To complicate matters further, the length of fibre inside a drum-spooled cable is not the same length as the cable itself. Optical fibre has almost no stretch before it snaps; metal wire can stretch considerably under its own weight as it gets deeper in the well. This issue is overcome by installing “slack” in the fibre. As the fibre is mobile inside the cable, the amount of slack and its location is an additional error that has to be corrected for.
Q: How fast does a FLI tool fall during deployment?
Typical FLI tool speeds are around 8–15 m/s when falling in gas and 1–2 m/s in liquid.
Of course, there are a wide variety of variables that can affect the tool speeds. This is why we plan each job carefully, using a proprietary FLI tool drag simulator. Our simulator has been calibrated against many real-world jobs, and has been shown to predict reliable descent times, as well as helping to identify potential problems and mitigations.
For more information about our approach to job planning, please contact us.
The design of the FLI tool improves optical range-finding
Optical range-finding methods are well established to determine the distance of events along a fibre. Optical time-domain reflectometry is just one example of a range-finding method. We can use range-finding to establish the point at which an unspooled FLI fibre becomes spooled on the bobbin by measuring the light loss along the length of the fibre. This allows us to measure the depth to the top of the FLI tool when it has reached the bottom of the well. However, the design of the FLI tool itself enables us to use methods that greatly improve upon the accuracy of conventional range-finding:
1. We know the precise length of each layer of fibre wound on the bobbin
We wind the fibre on to a bobbin inside the FLI tool in layers with a precisely determined length. During a job we can 'see' the layers of fibre wound on the bobbin. This means that we can count the layers left on the spool and convert that count into an accurate length of fibre that has exited the FLI tool. In effect the layers act as markers along the fibre, without needing to resort to expensive doping techniques to fix chemical markers into the glass itself
2. The FLI tool is a highly sensitive microphone that can be found acoustically
Spooled fibre on the bobbin acts as an extremely sensitive microphone. During an acoustic survey we can detect the obvious difference in sensitivity between the spooled and unspooled fibre, from which we can then determine the location of the FLI tool.

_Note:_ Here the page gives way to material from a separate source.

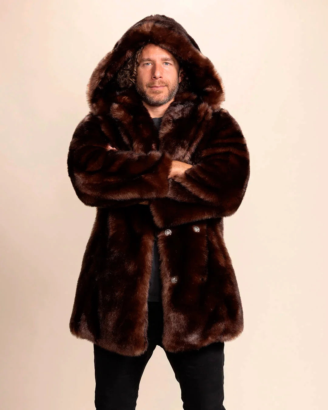 Prowl in comfort and style with the Men's Hooded Faux Fur Coat in Brown Wolf. Featuring premium ultra-soft fake fur in deep, rich mahogany brown with chestnut gradients that bring the alpha energy. Designed with adventure and boldness in mind, this faux fur jacket is festival-ready, everyday-wearable, and guaranteed to get you attention every time you wear it.
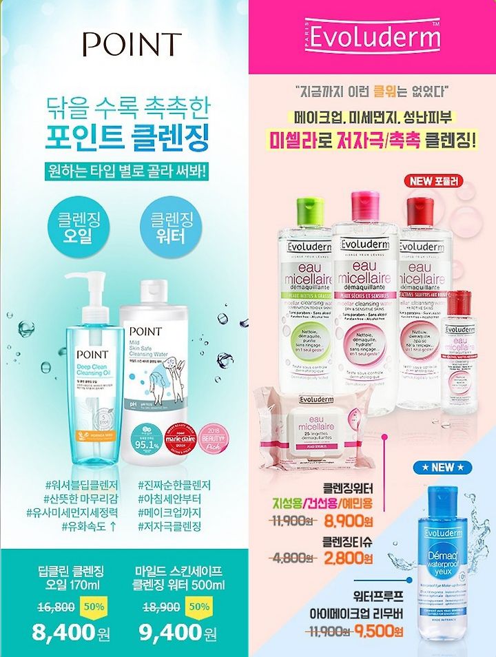 개인적으로 포인트 클렌징 제품이 세정력 좋으면서 자극적이지 않아 포인트 립앤아이리무버를 꾸준히 사용하는데 여기 사진에는 립앤아이리무버가 없네요. 피부에 자극은 없으면서도 세정력 좋고 눈에 들어가도 따갑지 않아서 애정하는 브랜드입니다. 할인폭도 무척 크네요.

Q: What is the maximum well deviation that can be serviced using FLI?
In free-fall operations, which make up the vast majority of FLI jobs, we have deviation limits similar to those for conventional wireline surveys – ie, around 60°–70°. However, the distribution of forces affecting FLI jobs is very different to wireline jobs: the FLI tool itself has little weight, being made from aluminium, but there is no cable drag. Consequently, we try to minimise the friction of the FLI tool against the pipe wall in order to keep the FLI tool moving.
Using FLI in horizontal wells
We have successfully pumped FLI tools into horizontal wells, with the longest job to date being a horizontal section of ~8,000ft. FLI tools are lightweight and can be easily pumped out to the rathole through the toe sleeve. We have had multiple tools pumped in this way, with no problems or impact on subsequent operations.